Она даже не изменила позы, не взглянула на меня, будто ожидала этого вопроса. Подумав, спокойно ответила:
– Затем, что не могу сказать вам правду…
– Почему? Впрочем… простите… я не подумал, – спохватился я, поняв, что мой вопрос неучтив, но почувствовал, что как-то объясниться надо, и добавил: – Видите ли, почему я спросил… Я жил в Москве. И детство, и сознательную большую часть жизни я провел там. Я инженер. Правда, предпочитаю работать простым лаборантом по некоторым причинам. По этим же причинам, о которых, может быть, позднее я скажу, предпочитаю глухую тайгу нашей столице. И вот, глядя на вас, я узнаю человека своего круга… Та же манера говорить, тот же московский акающий акцент, те же интеллигентские привычки. Я заметил, как быстрым и точным движением вы поправили волосы, я заметил, как вы держались за столом. Одним словом, вся ваша маскировка под таежную почтальоншу очень неопытна и неуклюжа. И, согласитесь, что совершенно естественно встал передо мною вопрос: кто же она, эта таежная почтальонша с московским акцентом? Простите меня за мою неучтивость, но…
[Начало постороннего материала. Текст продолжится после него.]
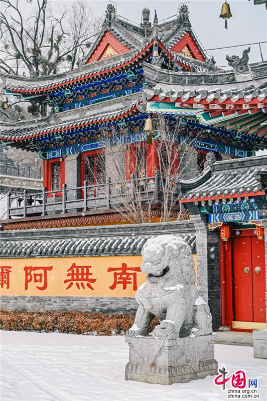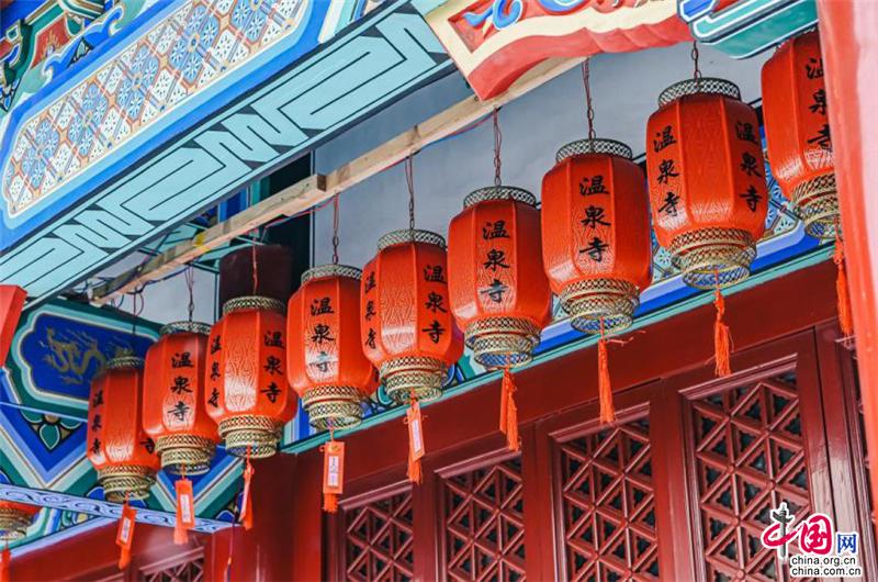 聽(tīng)說(shuō)這座寺廟的歷史可以追溯到400多年前,門(mén)前的石獅子十分莊嚴(yán),傳遞著佛門(mén)圣地的意境。腳踩在雪地上,發(fā)出“嘎吱嘎吱”的聲音;進(jìn)入了廟內(nèi),就能看見(jiàn)白雪覆蓋的木質(zhì)小橋;還有廟宇內(nèi)回廊上精致的鏤空鉤花和印著“溫泉寺”字樣的燈籠。

– Вы не сделали ничего неучтивого, – перебила она меня, – тайга освобождает людей от многого, в том числе, очевидно, и от учтивости.
Я молчал.
– И еще: мужчины забывают, например, что на свете существуют бритвы…
– Это вы насчет моей бороды?
– Нет… вообще.
– Видите ли, борода меня защищает от мороза.
– И еще кое от чего…
Закинув руки за голову, она блеснула полосками зубов.
Я промолчал.
– Например, влюбиться в вас невозможно, – не унималась она.
«Дорого же мне обойдется мое любопытство», – подумал я и мысленно послал себя к чёрту.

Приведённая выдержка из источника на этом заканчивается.